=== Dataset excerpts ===
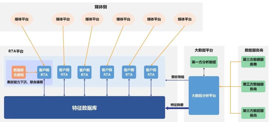 RTA业务平台对接多个流量巨头媒体推广平台。用户浏览社交媒体时,各媒体推广平台发起广告请求,RTA业务与特征数据库实时交互,获取目标用户的特征画像信息,基于投放策略分析并竞价返回;
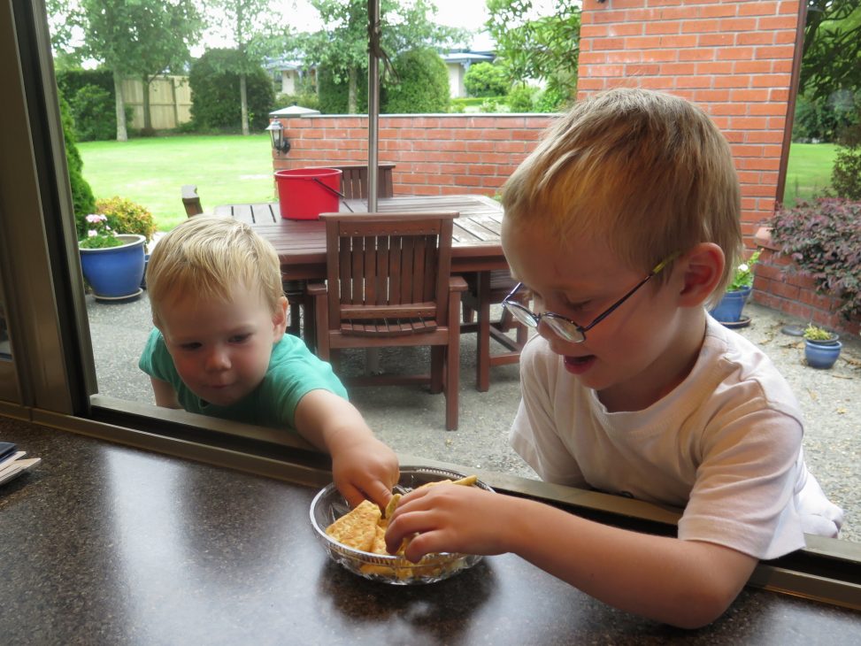 Very hot today so we had all the doors and windows wide open. Late afternoon these guys arrived so it was time for drinks and nibbles. I had placed this bowl on the bench ready to serve, but these two were very quick to climb onto the chairs in the courtyard and sneak a handful or two through the open window.
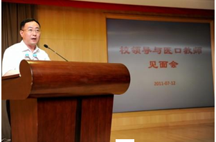 见面会上,桂永浩副校长首先发表了主题为“调结构、聚人心、谋发展”的任职感想。他真诚地说:“今天站在这个讲台上,我为要达到的目标感到责任重大,为被委任的重担而感压力巨大,更为自己的能力和阅历不足而感到谦卑。我感激大家对我的信任和支持,感谢王卫平常务副校长和冯晓源副校长为复旦医科和上海医学院多年来所做出的贡献。在我近期的调研工作中,我感到了蕴藏在广大教师干部中的对上海医学院发展的永不淡去的期盼,对上医在中国医学发展历史的地位和贡献的自豪和对在新世纪复旦医学在中国医学发展中的地位下滑的深深的担忧,我坚信,这可能就是历史发展的阶段中,我们这代人所必需承担的责任,责无旁贷”。
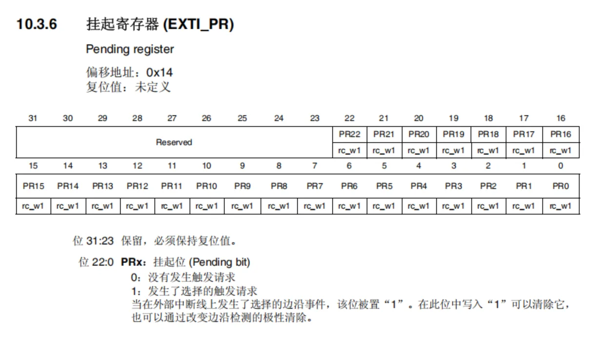 当有信号1输入时,PR硬件置1,再写入1可以清除,也可改变边沿检测极性(对当前检测方式取反)来清除。
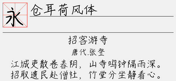 仓耳荷风体字体是一款赏心悦目、百看不厌的中文字体,该字体选用硬笔书写,字形规范、结构端正,其风格较为平正中和,笔画转折都做了圆滑处理,犹如清风带着阵阵荷香,或带着微微荷香的风,具有很好的视觉感。且字库完整,并结构明朗,可以很好的应用于文本装潢、信息展示、网页设计、篆刻制模、数据制作、装潢设计、计算艺术设计、视觉设计、字帖等一切合法应用场景,有喜欢的朋友可免费下载收藏。
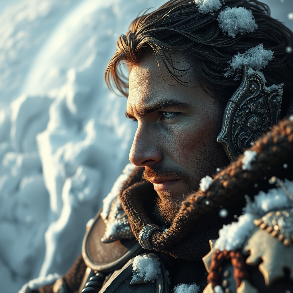 A noble male knight rests gracefully in a tranquil snowy landscape, inspired by Sturm from Dragonlance. His honorable presence is highlighted by the detailed craftsmanship in his face and eyes, capturing a masterpiece in 8k photorealistic quality. The scene feels alive with the artistic influences of Jeremy Mann, Sandra Chevrier, and Maciej Kuciara, achieving a sharp, realistic portrayal with real shadows and lifelike 3D effects. This depiction maintains a focus on artistic refinement and avoids elements like low resolution, unrealistic anatomy, childlike features, nude or NSFW content, cartoonish style, and excessive fantastical elements.
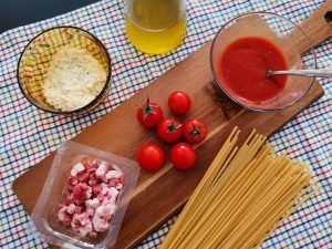 - Add the drained pasta to the pan with the sauce. Add some cooking water, as needed. Mix well and leave to cook for another 3 to 5 minutes with the sauce.
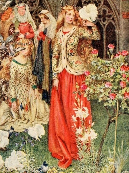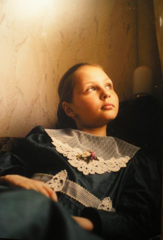 Моя ученица танцует, поэтому её часто можно видеть в необычных костюмах. Вижу её в платье, подобном тому, как у коронованной девы на картине. Спрашиваю: "Что это за костюм? Кого вы танцуете?" Ребёнок опускает ресницы и царственно оглядывает себя (на ней платье красного бархата с воздушным золотым подолом, с прозрачными золотыми рукавами и стоячим мерцающим воротником; при движении блёстки сыпятся с неё, как листопад осенью; несколько из них прилипли ко лбу, щекам и светятся).
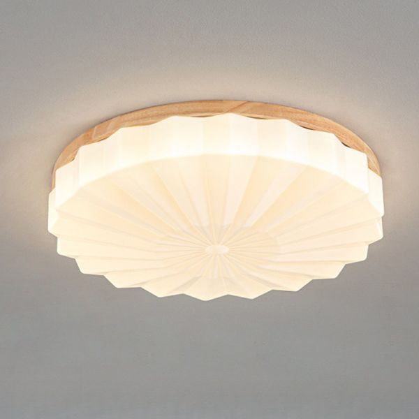 Natural Wood Ceiling Light, Remote Control Stepless Dimming, Symmetrical Shape, 1 Light, Surface Mount, Direct Wired Electric for Sitting Room, 110V-120V

=== PROBLEM TO SOLVE ===
Your task is to repeat the opening line of the entries above and each line after it, ending with the line that has "Very hot today". Do not include the pictures.

=== EXERCISE OUTPUT ===
 RTA业务平台对接多个流量巨头媒体推广平台。用户浏览社交媒体时,各媒体推广平台发起广告请求,RTA业务与特征数据库实时交互,获取目标用户的特征画像信息,基于投放策略分析并竞价返回;
 Very hot today so we had all the doors and windows wide open. Late afternoon these guys arrived so it was time for drinks and nibbles. I had placed this bowl on the bench ready to serve, but these two were very quick to climb onto the chairs in the courtyard and sneak a handful or two through the open window.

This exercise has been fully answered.